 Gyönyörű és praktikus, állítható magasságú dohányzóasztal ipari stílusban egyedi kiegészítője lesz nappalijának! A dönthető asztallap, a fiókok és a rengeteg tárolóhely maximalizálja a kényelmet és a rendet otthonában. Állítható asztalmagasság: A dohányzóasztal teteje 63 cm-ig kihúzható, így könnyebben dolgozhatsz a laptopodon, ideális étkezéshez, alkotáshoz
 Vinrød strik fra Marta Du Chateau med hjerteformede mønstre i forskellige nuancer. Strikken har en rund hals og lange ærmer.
---
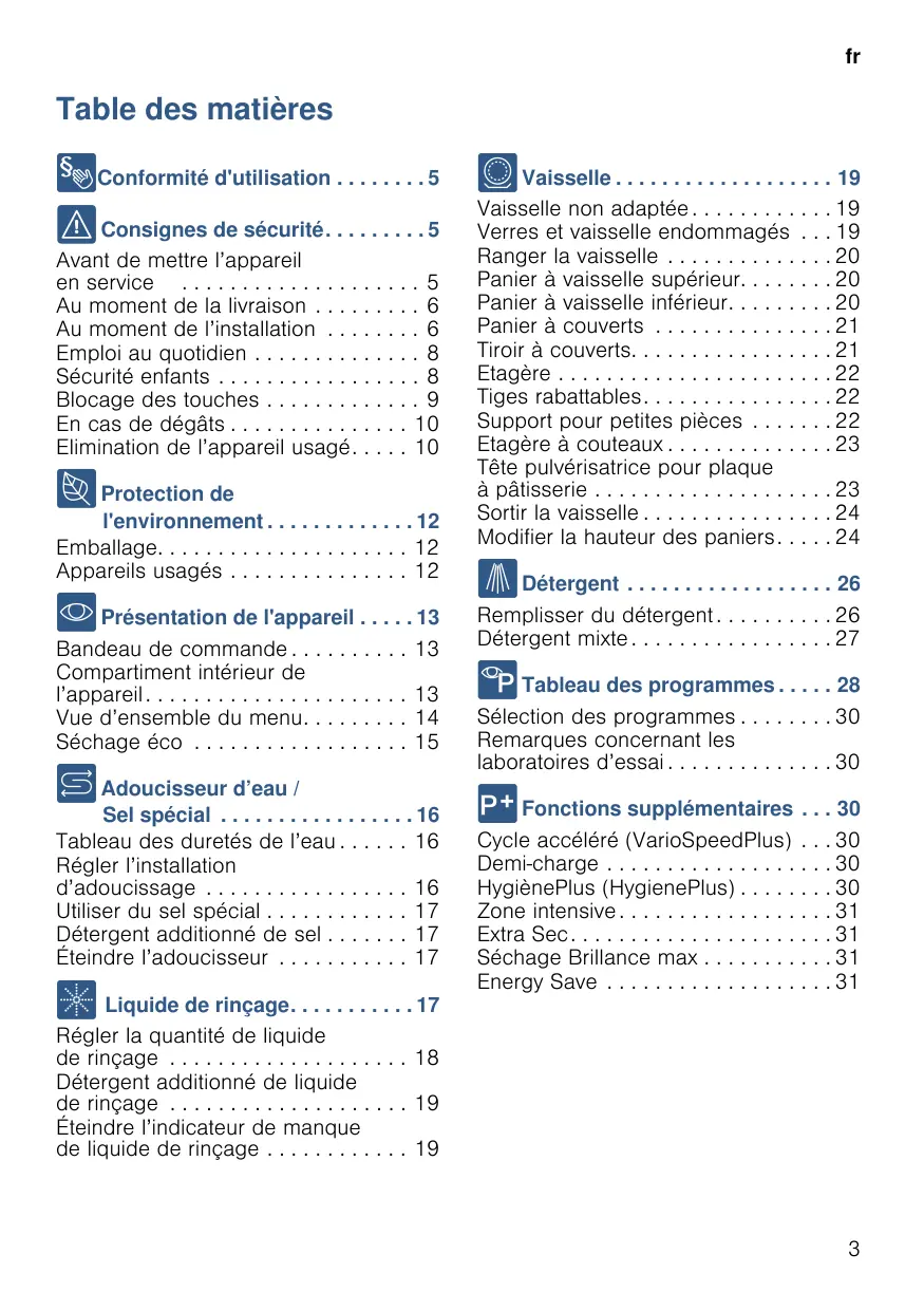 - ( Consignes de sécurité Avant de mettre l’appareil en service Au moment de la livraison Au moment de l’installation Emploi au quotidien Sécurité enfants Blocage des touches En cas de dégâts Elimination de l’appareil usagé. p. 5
...
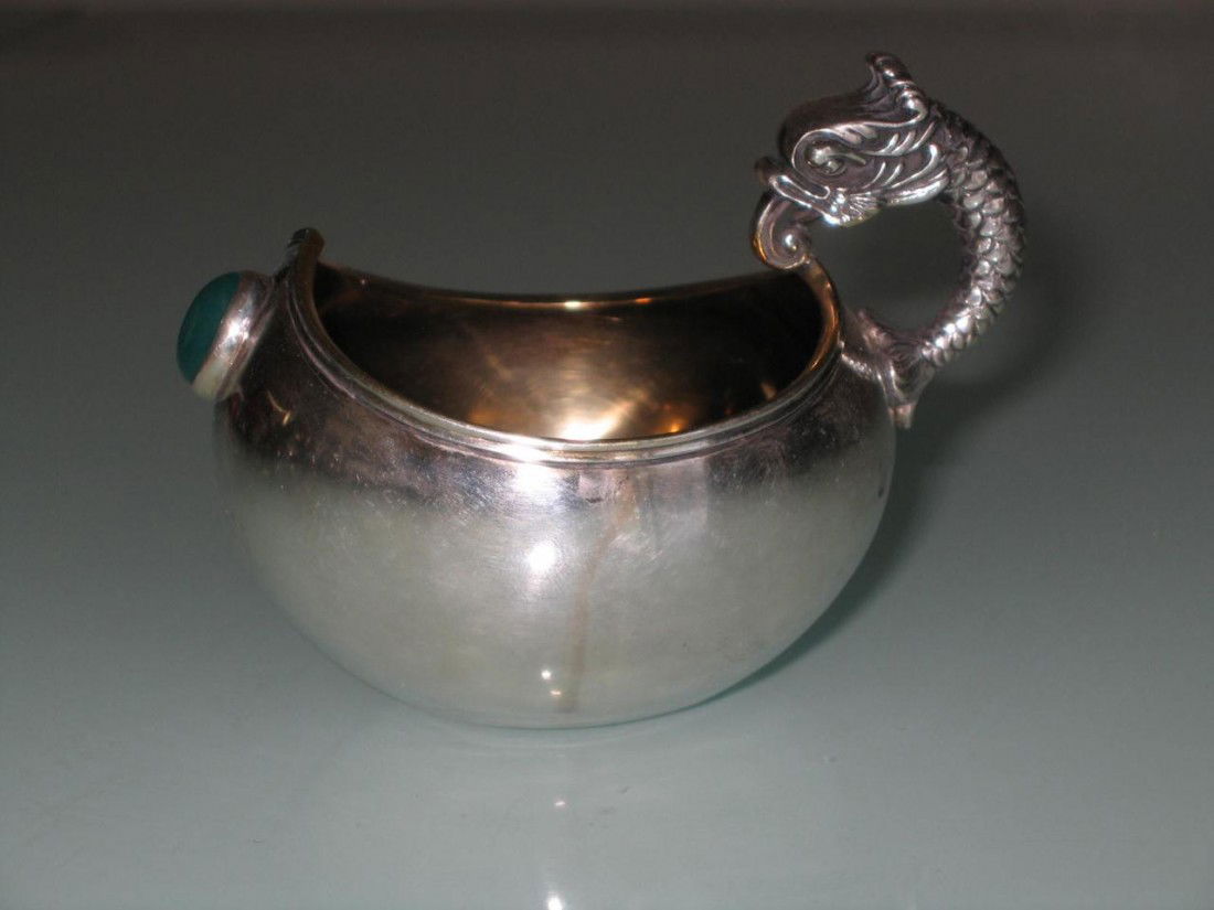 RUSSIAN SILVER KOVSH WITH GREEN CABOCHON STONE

> _Work instructions_
Retype, in the same exact form, the lines of the material above from the line holding "Gyönyörű és praktikus, állítható" through the line holding "Vinrød strik fra".

> _Result of this task_
 Gyönyörű és praktikus, állítható magasságú dohányzóasztal ipari stílusban egyedi kiegészítője lesz nappalijának! A dönthető asztallap, a fiókok és a rengeteg tárolóhely maximalizálja a kényelmet és a rendet otthonában. Állítható asztalmagasság: A dohányzóasztal teteje 63 cm-ig kihúzható, így könnyebben dolgozhatsz a laptopodon, ideális étkezéshez, alkotáshoz
 Vinrød strik fra Marta Du Chateau med hjerteformede mønstre i forskellige nuancer. Strikken har en rund hals og lange ærmer.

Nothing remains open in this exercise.